SUPPLIED INFORMATION START

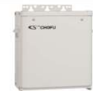
バックアップ電源ユニット
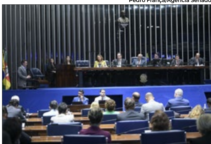
Senadores e governo discutiram questão climática

“Esse debate precisa começar a amadurecer a ideia de que precisaremos de medidas preventivas e efetivas para os desafios climáticos. Precisamos aprimorar a nossa capacidade de resposta aos eventos climáticos extremos”, afirmou Pacheco.
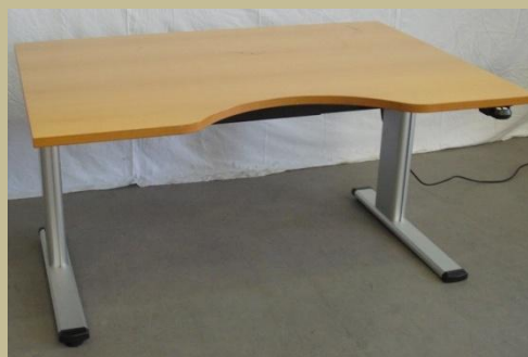
1054/Speciális elektromos íróasztal mozgássérülteknek 30e Ft-tól

SUPPLIED INFORMATION END

### [PROBLEM DESCRIPTION]
Without copying any picture, repeat the full listing above word for word.

### [RESPONSE FOR THIS EXERCISE]
バックアップ電源ユニット
Senadores e governo discutiram questão climática

“Esse debate precisa começar a amadurecer a ideia de que precisaremos de medidas preventivas e efetivas para os desafios climáticos. Precisamos aprimorar a nossa capacidade de resposta aos eventos climáticos extremos”, afirmou Pacheco.
1054/Speciális elektromos íróasztal mozgássérülteknek 30e Ft-tól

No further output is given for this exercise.